Lavo e seco o rosto. Me olho no espelho. Respiro. Suspiro.

18:45
Entro em sala de cabeça baixa, dou boa noite, peço desculpa, coloco os óculos pra disfarçar a cara inchada.
Eu sou a professora.

Nos primeiros 20 minutos sorrio pros alunos, respondo perguntas, voz tranquila, tom simpático.
Mas a todo instante pensando em sair correndo da sala e implorar pelamor pra me deixarem ir pra casa e alguém me substituir.
Penso no dinheiro.
Penso que os alunos não têm culpa.
Penso “E se eu desmaiasse?
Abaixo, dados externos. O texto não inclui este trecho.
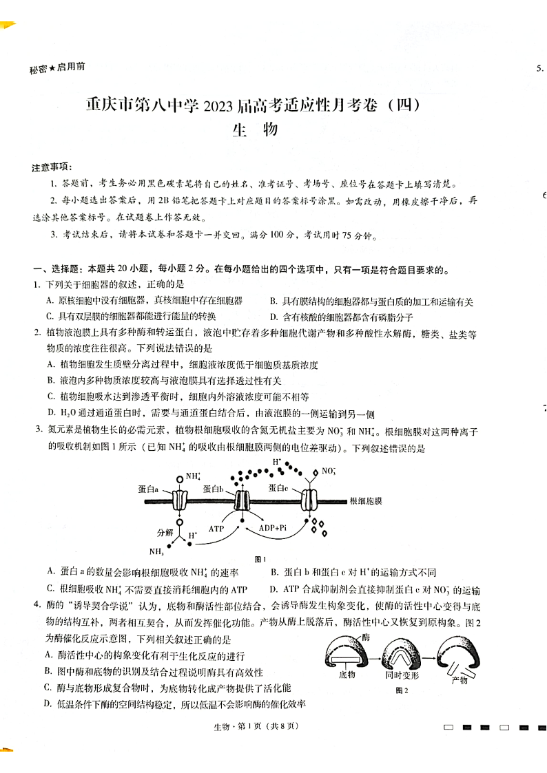 高三生物-重庆市第八中学2023届高考适应性月考卷(四)
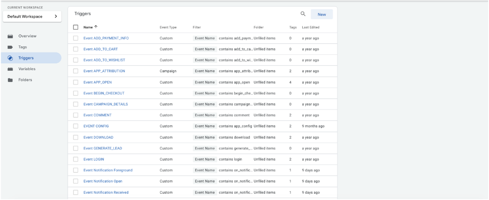 پساز اینکه در tag manager حساب خود را ساختید، میتوانید در قسمت Triggers (همانند تصویر زیر)، eventهایی که قصد دارید در بررسی رفتار کاربر صدا بزنید را مشاهده کنید. میتوانید دقیقاً همان eventهایی که در فایربیس ساختید را با همان اسم در اینجا تعریف کنید.
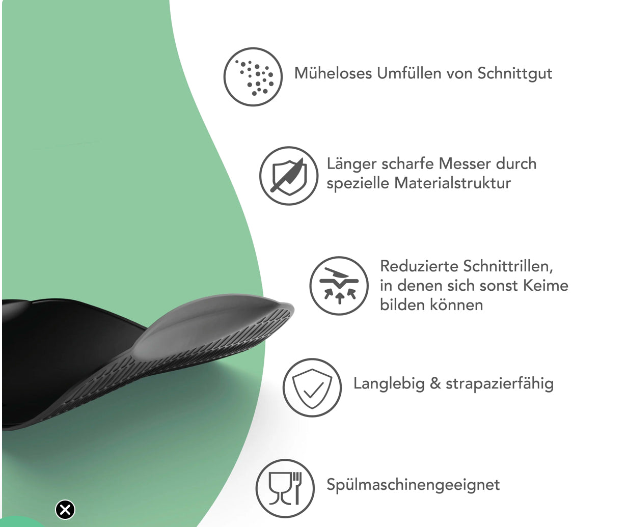 - Mühelose Umfüllen von Schnittgut: einfach rüber in den Mixtopf oder die Pfanne dank praktischer Griffe und flexiblem Material
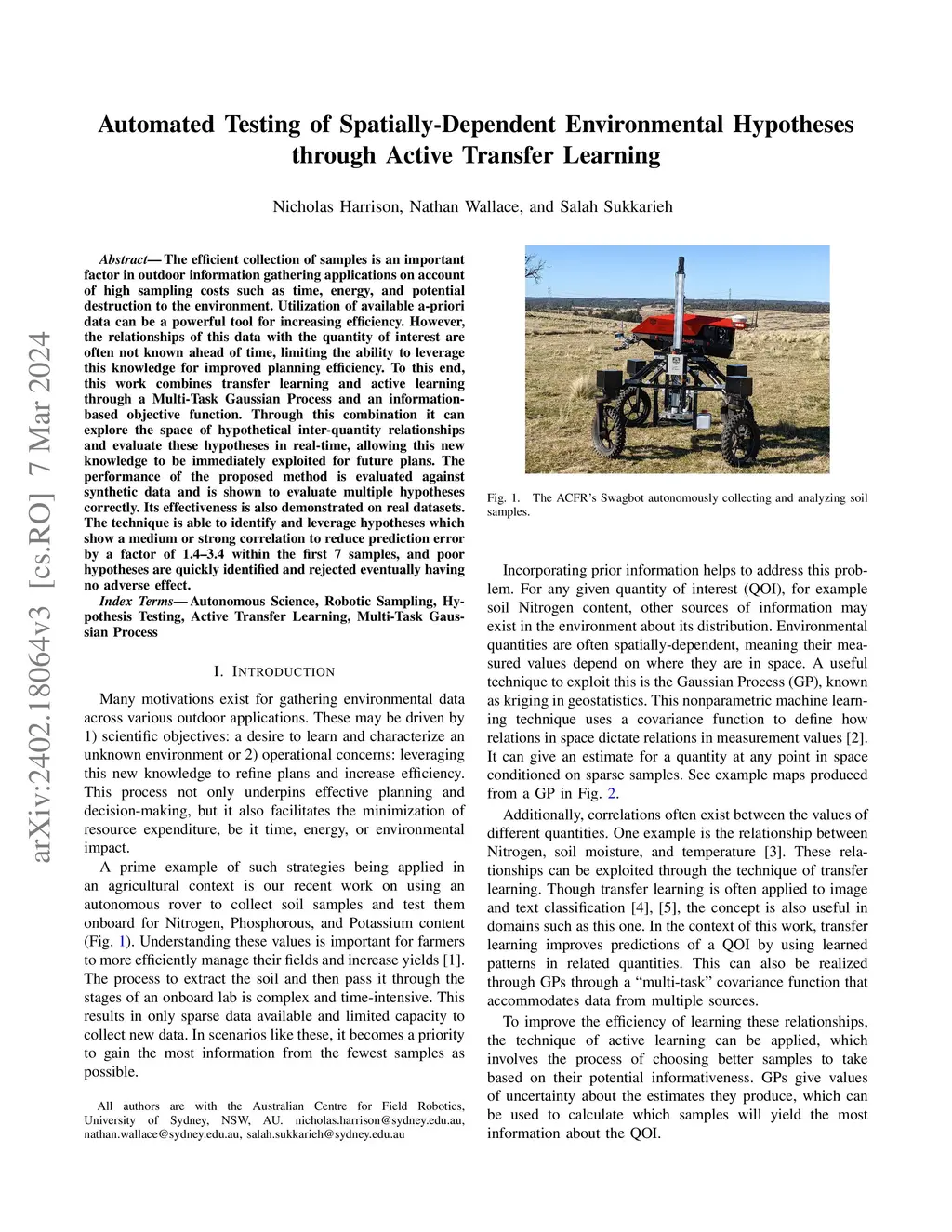 The efficient collection of samples is an important factor in outdoor information gathering applications on account of high sampling costs such as time, energy, and potential destruction to the environment. Utilization of available a-priori data can be a powerful tool for increasing efficiency. However, the relationships of this data with the quantity of interest are often not known ahead of time, limiting the ability to leverage this knowledge for improved planning efficiency. To this end, this work combines transfer learning and active learning through a Multi-Task Gaussian Process and an information-based objective function. Through this combination it can explore the space of hypothetical inter-quantity relationships and evaluate these hypotheses in real-time, allowing this new knowledge to be immediately exploited for future plans. The performance of the proposed method is evaluated against synthetic data and is shown to evaluate multiple hypotheses correctly. Its effectiveness is also demonstrated on real datasets. The technique is able to identify and leverage hypotheses which show a medium or strong correlation to reduce prediction error by a factor of 1.4--3.4 within the first 7 samples, and poor hypotheses are quickly identified and rejected eventually having no adverse effect.

Teriam que me socorrer e me levar embora né?”.
Penso no dinheiro.
Me conformo.

Recebo mensagem de um amigo dizendo que está sempre por perto por mim.

20:10
A hora que a aula termina.

“Sobrevivi”.

E no piloto automático faço o que deveria fazer, começo o trajeto pra casa, atravesso a rua correndo na frente de uma moto, choro no ônibus, expressão de zumbi. Tento fingir pra família que não é nada.

Vejo o trailer de “Como Nossos Pais” e me identifico com a Maria Ribeiro: “Eu to cansada de fingir que sou uma mulher que dá conta de tudo. Eu não dou conta de tudo!”